# Front End Bra



## lotaguts (Jan 17, 2006)

A search did not yield anything.... I was wondering if anyone here has put a bra on your babies front end or of any links they can post of some manufacturers. thanks...


----------



## GTJimbO (Apr 28, 2006)

I've had front-end bra's on past cars, and in my experience it doesn't protect anything. In fact, dirt gets under it and ends up doing more damage than no bra at all. My advice to you, is drop the idea. Bad for the paint both from a dirt and grit perspective, but also from a moisture angle.

Jim Miller


----------



## lotaguts (Jan 17, 2006)

Thanks for the heads up I have never owned one on a previous vehicle and drove a truck for six years prior to goat. I just want some protection from those dam bugs (FL) and those freakin rocks but oh well.


----------



## GTJimbO (Apr 28, 2006)

No prob. I'm just happy to help others avoid the mistake I've made in the past.

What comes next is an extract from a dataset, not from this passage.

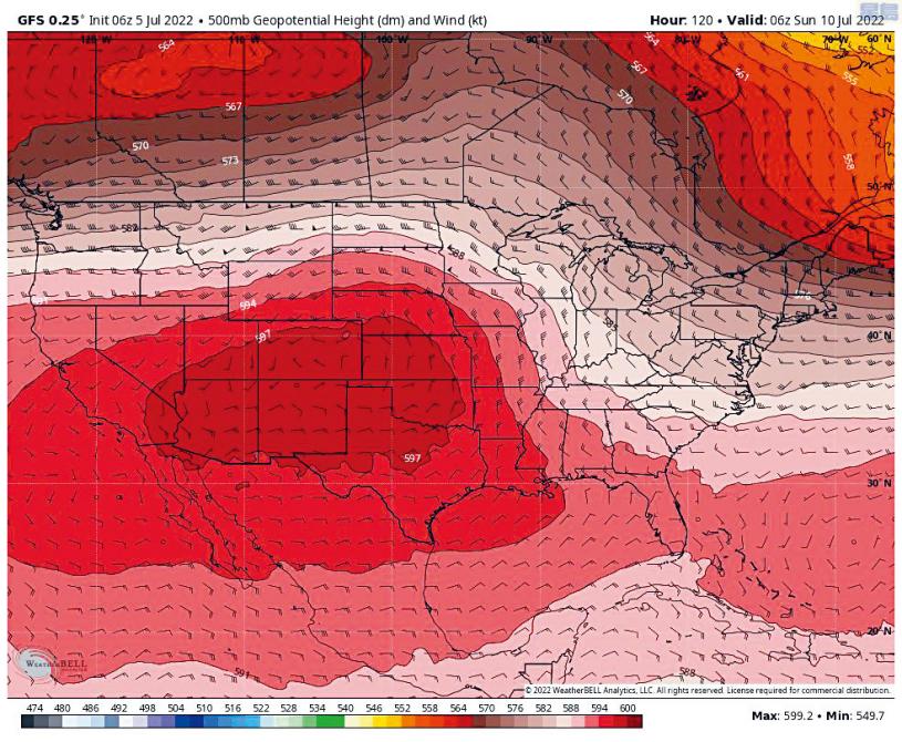 至於西南部則出現「熱蓋現象」(heat dome),德州將繼續受到異常炎熱天氣影響,鳳凰城與拉斯維加斯也在6月經歷了破紀錄的大範圍高溫。

Just wash it often (bugs), and don't follow others too close (rocks) and you should be fine. 

Jim Miller


----------



## GTOtbird (Mar 4, 2006)

I do use the bra but only for trips--especially night trips because of bugs.

I also clean the areas under the bra and put on extra wax/polish.

My tip is to spray down the bra with slick amorall-like stuff and let it dry without buffing. The bugs wipe right off.

Once I get to my destination the bra comes off the car.

Arkansas bug guts almost ruined the front-end of my '96 Tbird.

http://www.colgancustom.com


----------



## #1judge (Mar 24, 2006)

i had the invisigard paint protection installed on my ride , no chips ,bug juice wipes right off,its basically invisible,doesnt harm the paint,the paint also fades along with the rest of the car since it has no uv blockers in it . check out autotrimdesign.com for more info


----------



## bergenfelter (Nov 11, 2005)

Just a different view, I have used a front end cover on all of my prized possesions. You just need to keep the area under the bra well waxed and clean of dirt and other accumulations and dry (remove after rain or driving in the rain). It does take a bit of care, but when you prevent the inevetible rock chips that will occur, it is a great investment.

I have always used the Colgan Custom brand, they fit good and tight and are great quality. I have one on my 1996 Black Impala SS and one on my 05 QSM goat.

They do take a bit of tending, but the protection is well worth it.

John.


----------



## GTOtbird (Mar 4, 2006)

After posting yesterday, I saw a full-page ad on a new Rain-X product latest issue of Popular Science called bug shield.

It's a water-based spray-on that puts a polymer coating on the front that keeps bugs and road tar from sticking. Then you just wash off.
Problem is it's not listed on their web site yet. The ad had a link but I didn't write it down since I thought it would be on the web site.
Called the customer line and they know about it and said web site will probably have it up in a few days.

Technical support said just don't spray it over the grill as it could cover the holes.

Interesting product. I could buy a lot of that for the nearly $200 a GTO carbon fiber bra and mirror covers would cost.

Anyone else seen their ad?


----------



## lotaguts (Jan 17, 2006)

bergenfelter, would you happen to have any pics of the vehicle with the bra on cannot seem to find any online with a GTO ?


----------



## BIG-L (Mar 9, 2006)

> You just need to keep the area under the bra well waxed and clean of dirt and other accumulations and dry (remove after rain or driving in the rain).


:agree 


Here is a pic from PFYC and it's a Colgan bra....ive had both Colgan and Perfect Fit bras on my cars in the past and never had any problems with the paint under it and it sure helps on road trips !

Waiting on my Colgan bra before we take our next road trip.

~Larry~


----------



## fullarmor2 (Mar 1, 2006)

GTJimbO said:


> and don't follow others too close (rocks) and you should be fine.
> 
> Jim Miller


:agree 
Anyone ever have this happen ?
I had some kid in a four banger taunting me a few weeks ago. He was in the lane to my right about a car length ahead and he guns it. Just then his car kicks up a rock and it hits me.


----------